1

I'm having a variable with multiple strings, which can contain multiple lines:

var="foo 'bar baz' 'lorem
ipsum'"

I need all of them as array elements, so my idea was to use xargs -n1 to read every quoted or unquoted string into separate array elements:

mapfile -t arr < <(xargs -n1 <<< "$(echo "$var")" )

But this causes this error:

xargs: unmatched single quote; by default quotes are special to xargs unless you use the -0 option

Finally the only idea I had, was to replace the line feed against a carriage return and restore it afterwards:

# fill array                                  preserve line feed (dirty)
mapfile -t arr < <(xargs -n1 <<< "$(echo "$var" | tr '\n' '\r')" )

# restore line feed
for (( i=0; i<${#arr[@]}; i++ )); do
  arr[i]=$(echo "${arr[$i]}" | tr '\r' '\n')
done

It works:

# for (( i=0; i<${#arr[@]}; i++ )); do echo "index: $i, value: ${arr[$i]}"; done
index: 0, value: foo
index: 1, value: bar baz
index: 2, value: lorem
ipsum

But only as long the input variable does not contain a carriage return.

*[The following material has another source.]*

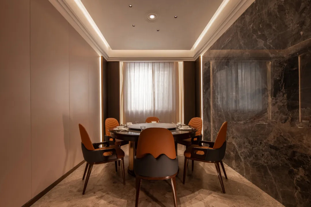天然石材、啞光金屬與木質(zhì)元素的結(jié)合,賦予空間克制的奢華。包房強(qiáng)調(diào)更加穩(wěn)定的商務(wù)體驗(yàn),材質(zhì)的觸感與溫度,進(jìn)入空間的瞬間,感受到一種無聲的儀式感,空間承載的不止是一桌美味,更是體驗(yàn)環(huán)境對(duì)情緒的觸動(dòng),多一份自在和舒適。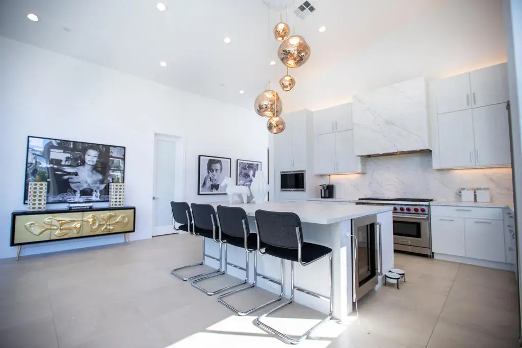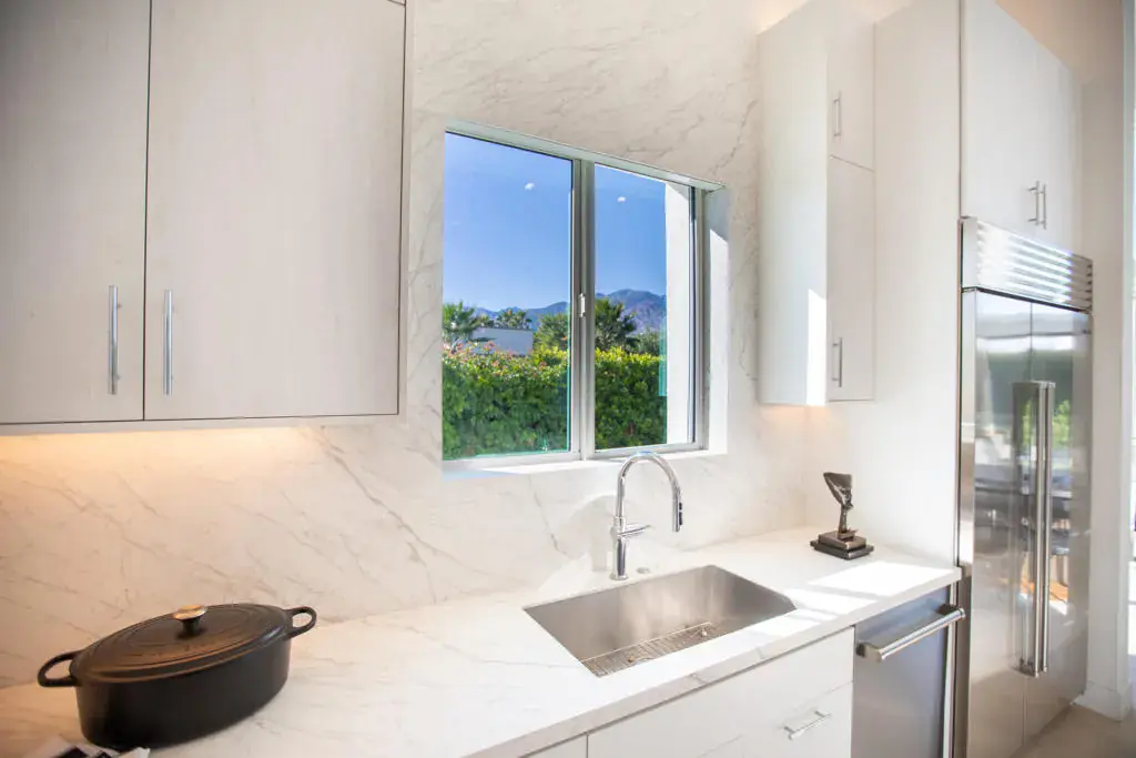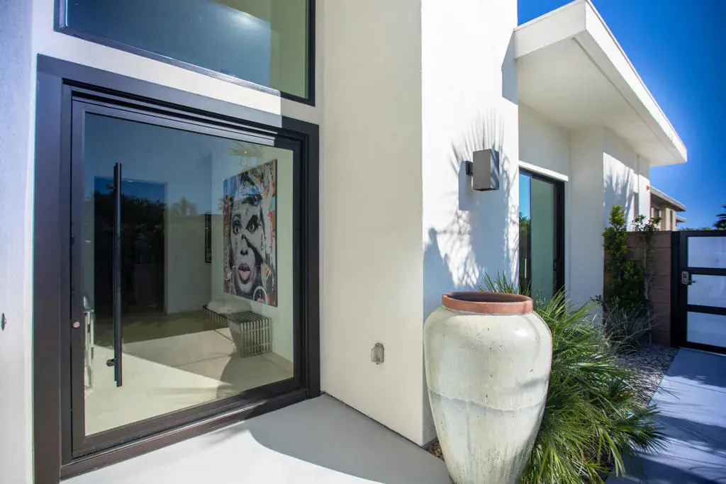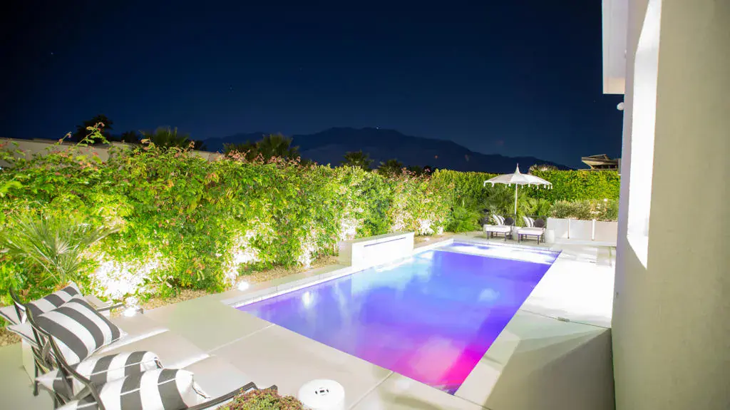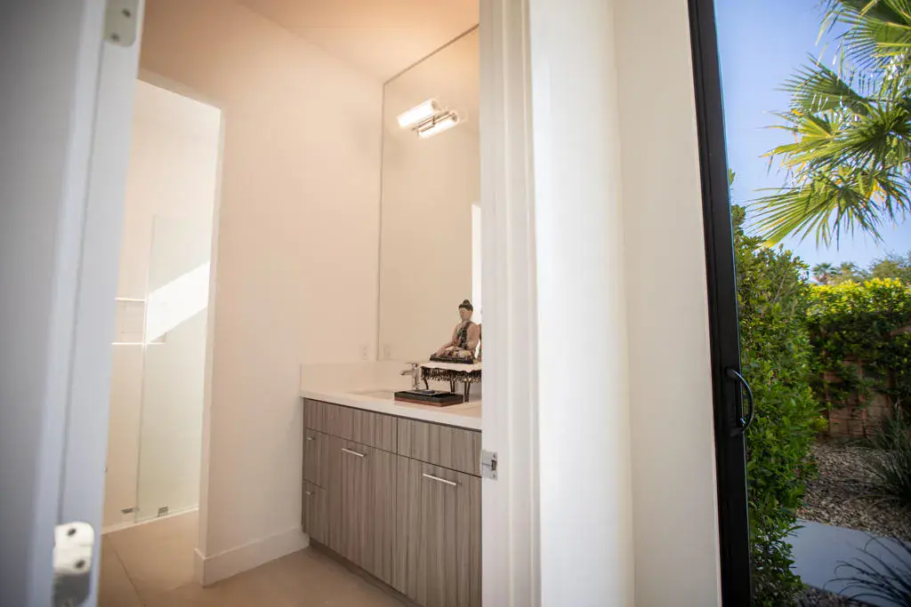 Behind the guarded gates in Escena Golf Club, @ Villa Esplanade, Desire meets Design. Reimagined gourmet kitchen, custom double cabinetry, porcelain slab counters, Sub Zero refrigeration & wine cooler plus Wolf appliances, plus walk in pantry & a molten gold lava chandelier by T.Dixon of London hovers over like a signature piece of art. Its an architectural modern masterpiece! With a rare motor court, side loaded garage & EV readiness opens to a entrance that promises something unforgettable. Private courtyard w/Ring security, New glass pivot door, welcomes you. Freshly painted, upgraded custom landscaping, drip irrigation, dramatic lighting & solar panels, this home is effortlessly polished inside & out. San Jacinto Mtn Views stretch endlessly across the sky! Salt water pool & spa glow w/ color changing LED illumination/app controlled & fire features flicker nearby creating atmosphere for bare feet, low voices & another glass of wine. New porcelain fireplace surround, motorized shades, designer fans, custom paint, mirrored niches, and sound system inside & out sets the rhythm from morning to midnight. Primary suite is a private escape, w/spa like bath, walk in closet, soft new lighting & Samsung Frame TV. An adjacent laundry room w/new cabinetry, sink & Samsung Washer & Dryer adds quiet convenience. Secondary & versatile 3rd bed/office feature new tiling flooring & new sleek glass slider opening to outdoors. Outside, built-in BBQ, fire pit & fire features invite evenings that end late. Tankless water heater, home filtration system, championship Escena Golf Course, chic clubhouse, delicious dining & bar overlooking rolling greens & dramatic mountain views, this is the lifestyle! We didn’t forget about your furry friend either the community has a large dog park for all your pups needs. First class isn’t a preference here- it’s the standard.

I assume I need xargs output every result delimited by a null byte and import with mapfile's -d '', but it seems xargs is missing a print0 option (tr '\n' '\0' would manipulate the multi-line string itself).

mgutt
  • 5,867
  • 2
  • 50
  • 77
  • 3
    how is the initial variable (`var`) populated? do you have any control over how `var` is populated (ie, can you change the structure of `var`)? – markp-fuso Mar 20 '23 at 18:18
  • The easiest way is `eval arr=("$var")` but it is very dangerous if the variable `var` can contain strings like `$(...)` – M. Nejat Aydin Mar 20 '23 at 18:32
  • Also see [Convert a string into an array with bash, honoring quotes for grouping](https://stackoverflow.com/q/37372225/4154375). – pjh Mar 20 '23 at 20:50
  • *" it seems xargs is missing a print0"*.. `man xargs`. The first option is `-0, --null` which is often matched with `print0` for null terminated input/output from `find`. Good luck. – shellter Mar 20 '23 at 22:02
  • Some other previous Q/A that look relevant: ["Reading quoted/escaped arguments correctly from a string"](https://stackoverflow.com/questions/26067249/reading-quoted-escaped-arguments-correctly-from-a-string) and ["Get bash to respect quotes when word splitting subshell output"](https://superuser.com/questions/1529226/get-bash-to-respect-quotes-when-word-splitting-subshell-output). – Gordon Davisson Mar 20 '23 at 22:37
  • @shellter `-0` is only relevant for the input, not the output. @markp-fuso I have no control about `var`, but if it helps. you can manipulate `var`, before making further steps. @M.NejatAydin No thanks ^^ @pjh I'm already using a technique to parse quoted strings/substrings. The question is how to parse a substring which contains line breaks – mgutt Mar 20 '23 at 23:36
  • Sorry, didn't read your comment closely enough. Now I'm reading that last paragraph to say you would like a `0` for the last char of a multiline string? – shellter Mar 20 '23 at 23:51

1 Answers1

1

This Shellcheck-clean code demonstrates a way to do it by using Bash regular expressions to extract parts from the string:

#! /bin/bash -p

var="foo 'bar baz' 'lorem
ipsum'"

leadspace_rx='^[[:space:]]+(.*)$'
bare_rx="^([^'[:space:]]+)(.*)\$"
quoted_rx="^'([^']*)'(.*)\$"

arr=()
while [[ -n $var ]]; do
    if [[ $var =~ $leadspace_rx ]]; then
        var=${BASH_REMATCH[1]}
    elif [[ $var =~ $bare_rx ]]; then
        arr+=( "${BASH_REMATCH[1]}" )
        var=${BASH_REMATCH[2]}
    elif [[ $var =~ $quoted_rx ]]; then
        arr+=( "${BASH_REMATCH[1]}" )
        var=${BASH_REMATCH[2]}
    else
        printf 'ERROR: Cannot handle: %s\n' "$var" >&2
        exit 1
    fi
done

declare -p arr
  • The output is declare -a arr=([0]="foo" [1]="bar baz" [2]=$'lorem\nipsum')
  • The code for splitting up a string could easily be encapsulated in a function if you think this idea is worth pursuing.
  • The current code does things that you might not expect. For instance, the string a'b'c is converted to the array (a b c). If you can provide a more precise specification for the format of input strings I'll see if the code can be modified to handle it.
pjh
  • 6,388
  • 2
  • 16
  • 17